И взгляд. А то я не знала этот его затуманенный, словно плывущий, взгляд…
– Солнце красиво падает на твои волосы, – произнес Адам с мрачным вдохновением. – Ракурс подходящий. И вообще… Раздевайся и садись точно в такую же позу обратно, я тебя сфотографирую.
– Адам!
– Не спорь, сейчас солнце опустится за дома, освещение станет другим… Давай быстрее, это будет очень удачный кадр! – нетерпеливо произнес он, достав из кармана телефон.
– Меня увидят…
– Да кто увидит, одиннадцатый этаж, напротив ни одного дома, сквер внизу. Окна закрыты, снаружи вообще незаметно, что у нас тут творится внутри. Ну разве что сидит там в сквере какой-нибудь извращенец с биноклем и прямо в окна к нам пялится. Птен, не выдумывай, давай-давай, такой кадр пропадет…

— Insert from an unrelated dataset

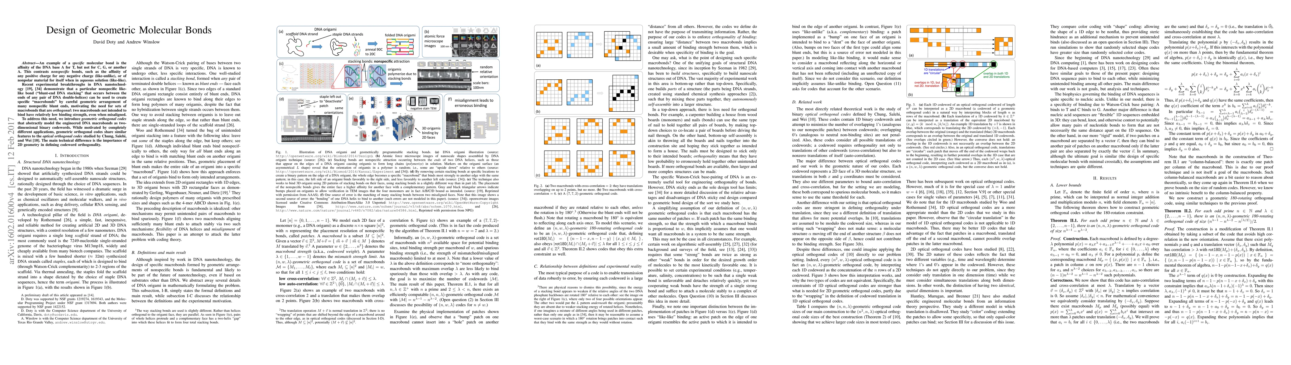 An example of a nonspecific molecular bond is the affinity of any positive charge for any negative charge (like-unlike), or of nonpolar material for itself when in aqueous solution (like-like). This contrasts specific bonds such as the affinity of the DNA base A for T, but not for C, G, or another A. Recent experimental breakthroughs in DNA nanotechnology demonstrate that a particular nonspecific like-like bond ("blunt-end DNA stacking" that occurs between the ends of any pair of DNA double-helices) can be used to create specific "macrobonds" by careful geometric arrangement of many nonspecific blunt ends, motivating the need for sets of macrobonds that are orthogonal: two macrobonds not intended to bind should have relatively low binding strength, even when misaligned. To address this need, we introduce geometric orthogonal codes that abstractly model the engineered DNA macrobonds as two-dimensional binary codewords. While motivated by completely different applications, geometric orthogonal codes share similar features to the optical orthogonal codes studied by Chung, Salehi, and Wei. The main technical difference is the importance of 2D geometry in defining codeword orthogonality.

Я разделась, с сомнением оглядела подоконник:
– Адам, тут вроде чисто, пыль только, но… я же не могу голым телом сюда сесть, тут надо отмывать все основательно…

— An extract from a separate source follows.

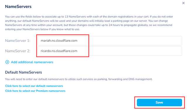 接下来需要修改你域名的“名称服务器(NameServers)”,如果是免费的二级域名请自行托管到Cloudflare,这里以NameSilo的为例:

Адам одним движением стянул с себя свою рубашку-поло. Бросил ее мне. Я расстелила ее на подоконнике, села, уперев ноги в один откос, а затылком и плечами откинувшись на противоположный.

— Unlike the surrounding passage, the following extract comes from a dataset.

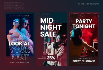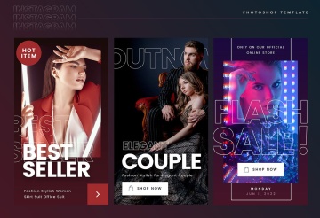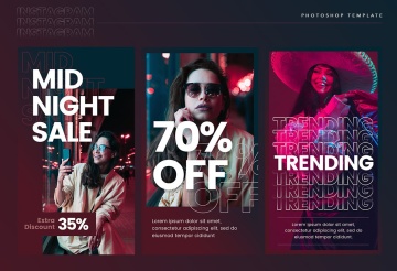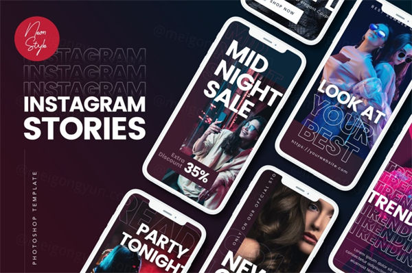 图穷联素材库 » 高端绚丽霓虹灯效果Instagram社交媒体banner海报

– Нет, не так… – Адам вертел меня и свою рубашку подо мной, переставлял мои ноги то так, то сяк, поправлял волосы.
– Только чтобы ничего не было видно, – напомнила я.
– Ничего не видно, один силуэт, и лица тоже не видно, все волосами закрыто… О, эту ногу чуть ниже если?
– И никому не показывай.
– Я никому эти фото не показываю. Голову вот так держи, – командовал он. – И спину чуть ровнее. Нет, расслабься, расслабься. Отлично.
– Ты не хотел бы помириться с Виктором?
– Н-не знаю… Нет.
– Он хороший человек.
– Нет. Просто нет и все. Замри!
Адам фотографировал меня с разных ракурсов. Слегка менял мне позу, потом опять фотографировал. Из сотни фото, я знала, он оставит одну, самую лучшую.
Мне нравились те снимки, что получались потом. Относительно невинные и очень эротичные одновременно. На которых была запечатлена я – молодая и красивая. Ну уж себе-то я принадлежала?!
– Адам, скоро? Я больше не могу. У меня спина затекла, и тут чересчур жестко…
– Я знаю, Птен, я тоже не могу. Так, еще один кадр… И все.
Он положил телефон рядом со мной на подоконник, расстегнул молнию на джинсах. Сдернул джинсы, ногой нетерпеливо откинул в сторону.
– Я была уверена, что все именно этим и закончится! – язвительно фыркнула я. И напомнила: – Погоди, а «бублик»?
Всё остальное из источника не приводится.